With list comprehensions, we can directly create a list. However, due to memory constraints, the list capacity is definitely limited. Moreover, creating a list with 1 million elements not only takes up a lot of storage space, but if we only need to access the first few elements, then most of the space occupied by the latter elements is wasted.
So, if the list elements can be calculated according to a certain algorithm, can we continue to calculate the subsequent elements in the process of looping? This saves a lot of space by not having to create a complete list. In Python, this mechanism of computing while looping is called a generator: generator.
To create a generator, there are many ways. The first method is very simple, as long as a list comprehension [] is changed to (), a generator is created:

>>> L = [x * x for x in range(10)]
>>> L
[0, 1, 4, 9, 16, 25, 36, 49, 64, 81]
>>> g = (x * x for x in range(10))
>>> g
<generator object <genexpr> at 0x1022ef630>

The difference between creating L and g is only the outermost [] and (), L is a list, and g is a generator.

We can print out each element of the list directly, but how do we print out each element of the generator?

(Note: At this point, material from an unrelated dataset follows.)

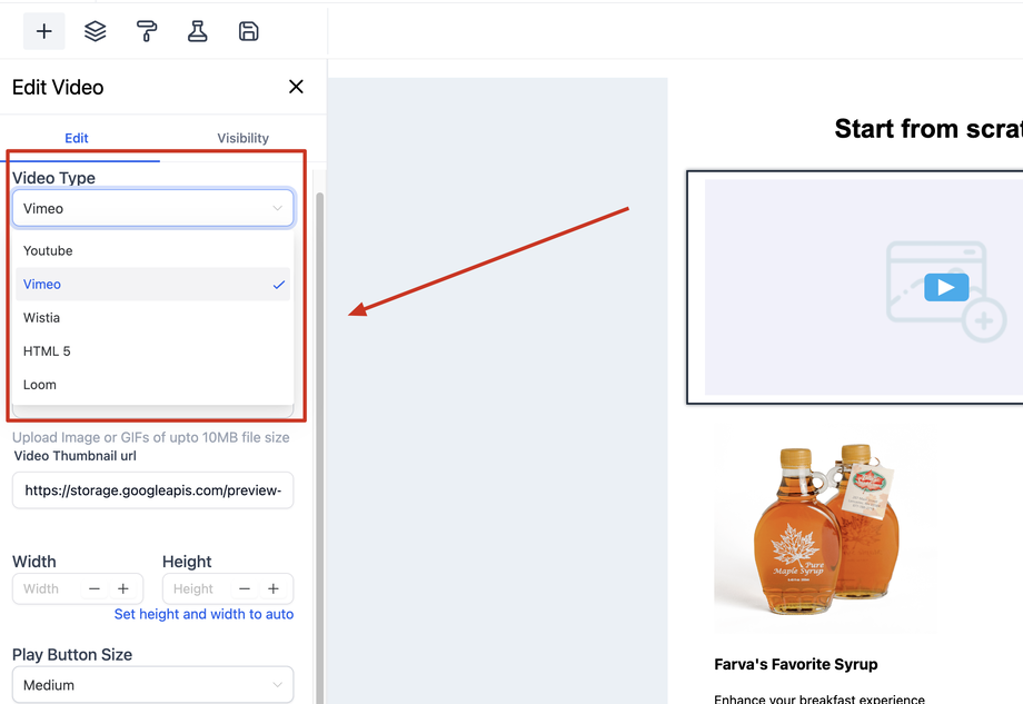Wählen Sie aus: YouTube, Vimeo, Wistia, HTML5.

If you want to print them out one by one, you can get the next return value of the generator through the next() function:

>>> next(g)
0
>>> next(g)
1
>>> next(g)
4
>>> next(g)
9
>>> next(g)
16
>>> next(g)
25
>>> next(g)
36
>>> next(g)
49
>>> next(g)
64
>>> next(g)
81
>>> next(g)
Traceback (most recent call last):
  File "<stdin>", line 1, in <module>
StopIteration

The generator saves the algorithm. Each time next(g) is called, the value of the next element of g is calculated until the last element is calculated. When there are no more elements, a StopIteration error is thrown.
Of course, the above kind of constantly calling next(g) is too perverted. The correct way is to use a for loop, because the generator is also an iterable object:

>>> g = (x * x for x in range(10))
>>> for n in g:
...     print(n)
... 
0
1
4
9
16
25
36
49
64
81

So, after we create a generator, we basically never call next(), but iterate it through a for loop, and don't need to care about StopIteration errors.

generators are very powerful. If the calculation algorithm is complex and cannot be implemented with a for loop similar to list generation, it can also be implemented with a function.
For example, in the famous Fibonacci sequence, any number except the first and second numbers can be obtained by adding the first two numbers:

1, 1, 2, 3, 5, 8, 13, 21, 34, …

def fib(max):
    n, a, b = 0, 0, 1
    while n < max:
        print(b)
        a, b = b, a + b
        n = n + 1
    return 'done'

The above functions and generators are just one step away. To turn the fib function into a generator, just change print(b) to yield b:

def fib(max):
    n, a, b = 0, 0, 1
    while n < max:
        yield b
        a, b = b, a + b
        n = n + 1
    return 'done'

This is another way to define a generator. If a function definition contains the yield keyword, the function is no longer a normal function, but a generator:

>>> f = fib(6)
>>> f
<generator object fib at 0x104feaaa0>

Here, the most difficult thing to understand is that the execution flow of generator and function is different. Functions are executed sequentially, and the return statement or the last line of function statement is encountered. The function that becomes the generator is executed every time next() is called, and returns when the yield statement is encountered.
Similarly, after changing the function to a generator, we basically never use next() to get the next return value, but directly use the for loop to iterate:

>>> for n in fib(6):
...     print(n)
...
1
1
2
3
5
8

Small scale chopper:

def fib(max):
    L = [1]
    S = [1]
    print(S)
    n = 1
    while n < max: 
        yield S
        L = S
        S = []
        S.append(L[0])
        b = 1
        for i in L:
            S.append(i+b)
            b = i
        n = n + 1 
    return 'done'

aa = fib(10)

for a in aa:
    print(a)  
[1]
[1, 2]
[1, 2, 3]
[1, 2, 3, 5]
[1, 2, 3, 5, 8]
[1, 2, 3, 5, 8, 13]
[1, 2, 3, 5, 8, 13, 21]
[1, 2, 3, 5, 8, 13, 21, 34]
[1, 2, 3, 5, 8, 13, 21, 34, 55]

iterator

We already know that the data types that can be directly applied to the for loop are as follows:

One is a collection data type, such as list, tuple, dict, set, str, etc.;

One is generator, including generator and generator function with yield.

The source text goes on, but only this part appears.